Leveraging Generative AI for Digital Accessibility
Topic: Investigation and Application of LLMs and Vision Models to Enhance Document Accessibility
Context: With the introduction of the European Accessibility Act, public institutions face the challenge of making all digital content accessible. This includes ensuring legacy documents (PDFs, Word files) are compatible with assistive technologies. Currently, a significant portion of university documents does not meet these standards. This thesis explores how modern AI technologies can bridge this gap.
Project Vision: The goal of this thesis is to investigate the potential of Large Language Models (LLMs) and Vision Models to automate or assist in the creation of barrier-free documents. Unlike rigid rule-based systems, Generative AI offers new possibilities for understanding context, describing images, and interpreting document structures.
Scope & Potential Directions: Students are encouraged to bring their own ideas to the table. The specific focus of the work can be tailored to your interests, but potential research avenues include:
·Automated Remediation: Developing a prototype that utilizes the university’s internal uniGPT model to automatically suggest structural tags or repairs for legacy documents.
·Visual Context: Using Vision Models to generate context-aware "Alt-Text" for complex diagrams and images.

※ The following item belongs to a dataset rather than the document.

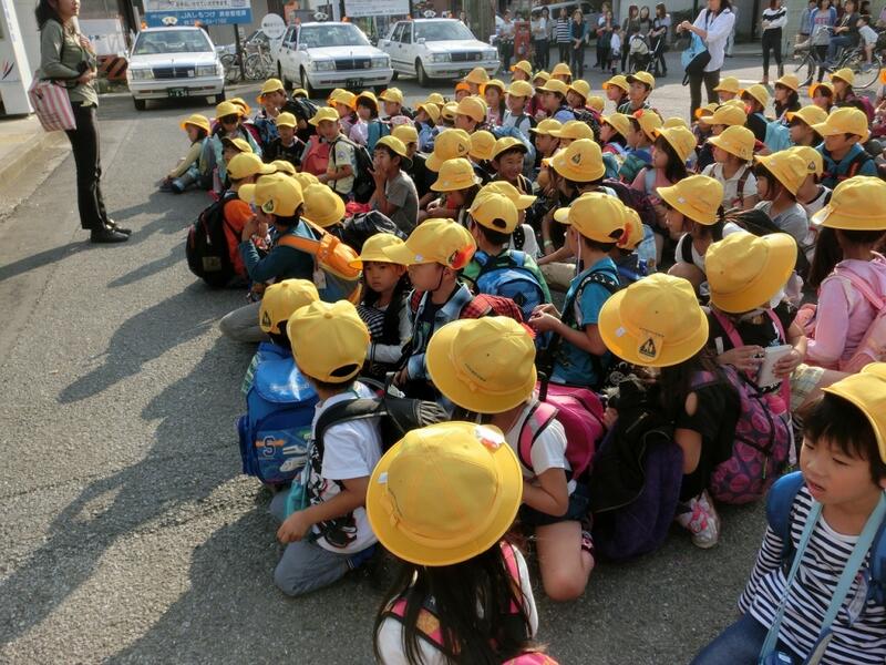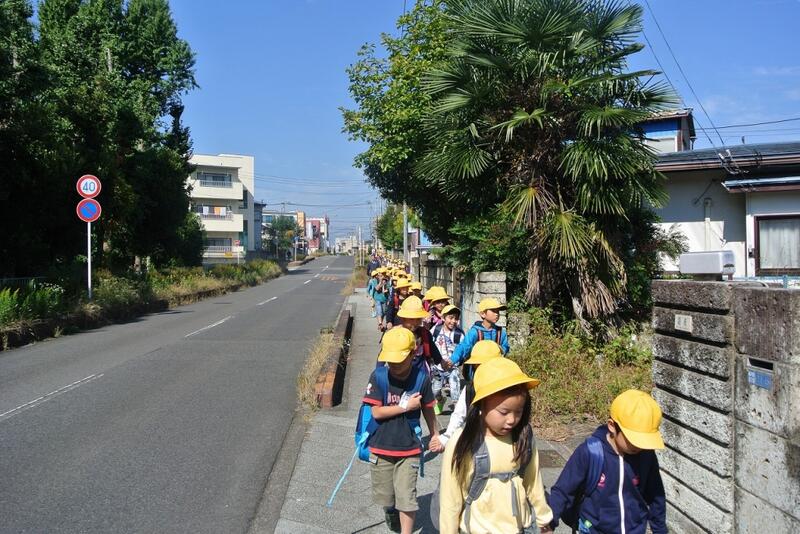 校門を出てすぐから、2年生は道路側を歩いて、手をつないで歩いているペアの1年生に

·Evaluation & Verification: Investigating if LLMs can act as "auditors" to reliably detect accessibility violations that standard tools miss.
·Human-in-the-Loop: Designing a workflow where AI assists staff members in remediating documents, rather than fully automating the process.
Your Tasks:
·Literature review on the state of the art in AI-driven accessibility.

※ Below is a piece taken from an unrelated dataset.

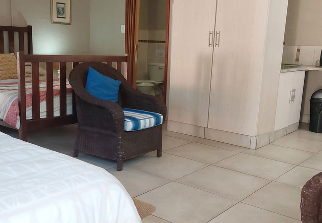 Garden Unit Four can accommodate two adults and one child. This unit is approximately 50 m from the main house. It features a double bed, a single bed can be added if required. the shower and toilet is en-suite, and there is kitchenette equipped with a small stove and fridge/freezer. This unit has its own outside braai and seating area adjacent to units 1 to 3.

·Conceptualization of a solution architecture using available resources (e.g., uniGPT).
·Implementation of a Proof of Concept (PoC).
·Evaluation of the solution regarding accuracy, efficiency, and compliance with accessibility standards (e.g., WCAG).
We Offer:
·Creative Freedom: The opportunity to shape the direction of the thesis and define your own implementation strategy.
·Access to Infrastructure: Use of university-hosted models (uniGPT) and computing resources.